### RAW DATA ###

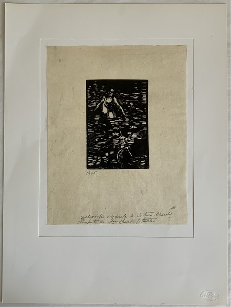 Arturo Checchi "Senza titolo" 1916 xilografia stampata su carta riso foglio cm 2
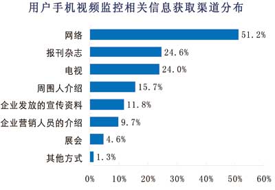 另一方面,運(yùn)營(yíng)商的宣傳不到位。從諾達(dá)咨詢調(diào)查數(shù)據(jù)來(lái)看,用戶目前獲得手機(jī)視頻監(jiān)控相關(guān)信息的主要渠道是互聯(lián)網(wǎng),有51%的用戶是通過(guò)互聯(lián)網(wǎng)了解手機(jī)視頻監(jiān)控的,而從傳統(tǒng)的電視媒體和報(bào)刊雜志獲得相關(guān)信息的用戶僅僅約各占24%,通過(guò)相關(guān)手機(jī)視頻監(jiān)控企業(yè)發(fā)放宣傳資料和介紹獲取相關(guān)信息的用戶各占12%和10%。由此可見(jiàn),手機(jī)視頻監(jiān)控的宣傳尚不到位,導(dǎo)致消費(fèi)者不能通過(guò)多方渠道獲取相關(guān)信息。
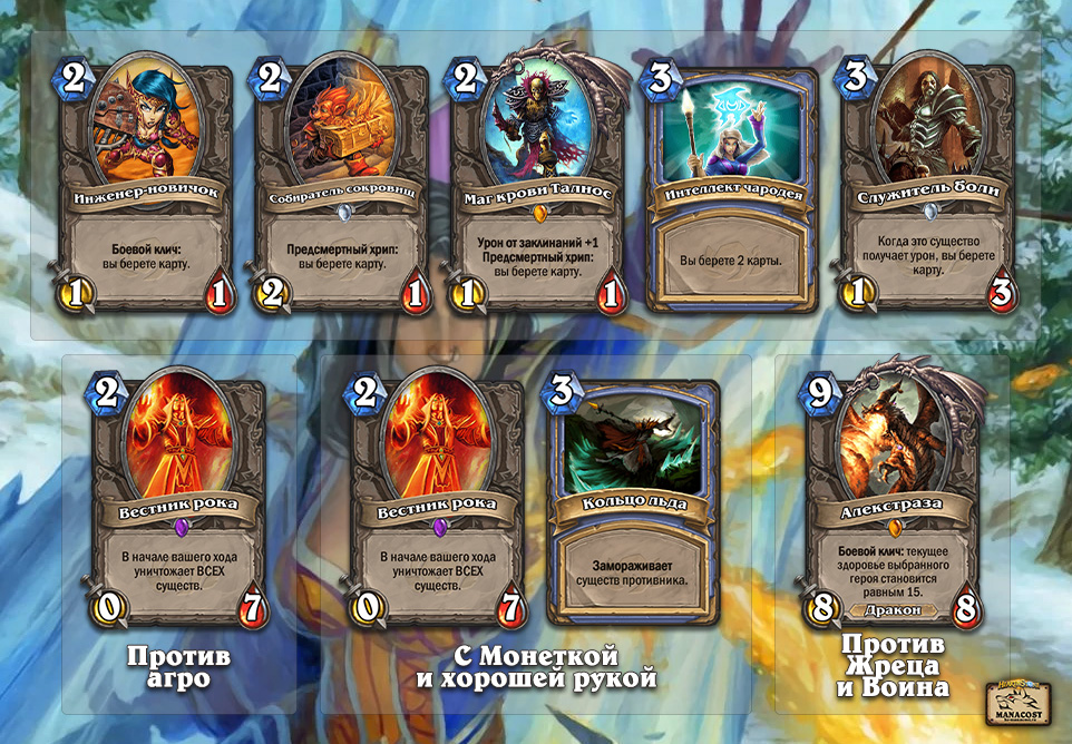 В последнее время все чаще стали использоваться Зеркальные копии, которые очень помогают в затягивании партий и хорошо работают с добором за счет своей низкой стоимости. Карту часто берут в одной копии, чтобы не жертвовать одним Инженером-новичком — вы можете осуществить эту замену по желанию. Тут же есть и Верховный маг Антонидас — тяжелый способ победы для матч-апов с Воинами и Жрецами.
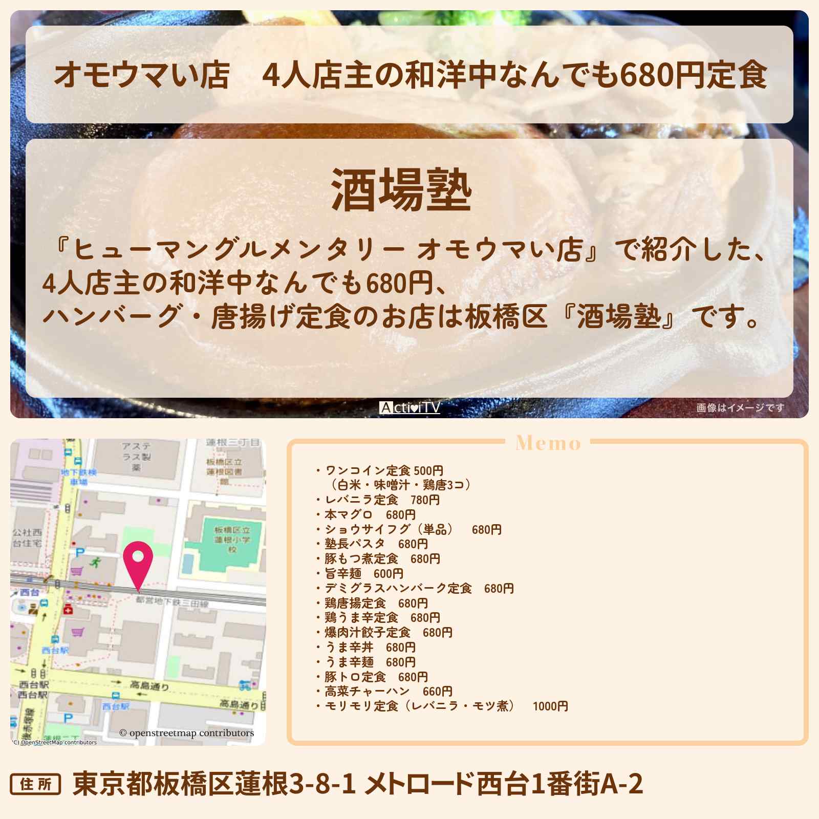 和洋中なんでも680円定食 西台駅「酒場塾」

###

■ EXERCISE DIRECTIONS
Restate the listing word for word, pictures excluded.

■ SOLUTION FOR THIS TASK
 Arturo Checchi "Senza titolo" 1916 xilografia stampata su carta riso foglio cm 2
 另一方面,運(yùn)營(yíng)商的宣傳不到位。從諾達(dá)咨詢調(diào)查數(shù)據(jù)來(lái)看,用戶目前獲得手機(jī)視頻監(jiān)控相關(guān)信息的主要渠道是互聯(lián)網(wǎng),有51%的用戶是通過(guò)互聯(lián)網(wǎng)了解手機(jī)視頻監(jiān)控的,而從傳統(tǒng)的電視媒體和報(bào)刊雜志獲得相關(guān)信息的用戶僅僅約各占24%,通過(guò)相關(guān)手機(jī)視頻監(jiān)控企業(yè)發(fā)放宣傳資料和介紹獲取相關(guān)信息的用戶各占12%和10%。由此可見(jiàn),手機(jī)視頻監(jiān)控的宣傳尚不到位,導(dǎo)致消費(fèi)者不能通過(guò)多方渠道獲取相關(guān)信息。
 В последнее время все чаще стали использоваться Зеркальные копии, которые очень помогают в затягивании партий и хорошо работают с добором за счет своей низкой стоимости. Карту часто берут в одной копии, чтобы не жертвовать одним Инженером-новичком — вы можете осуществить эту замену по желанию. Тут же есть и Верховный маг Антонидас — тяжелый способ победы для матч-апов с Воинами и Жрецами.
 和洋中なんでも680円定食 西台駅「酒場塾」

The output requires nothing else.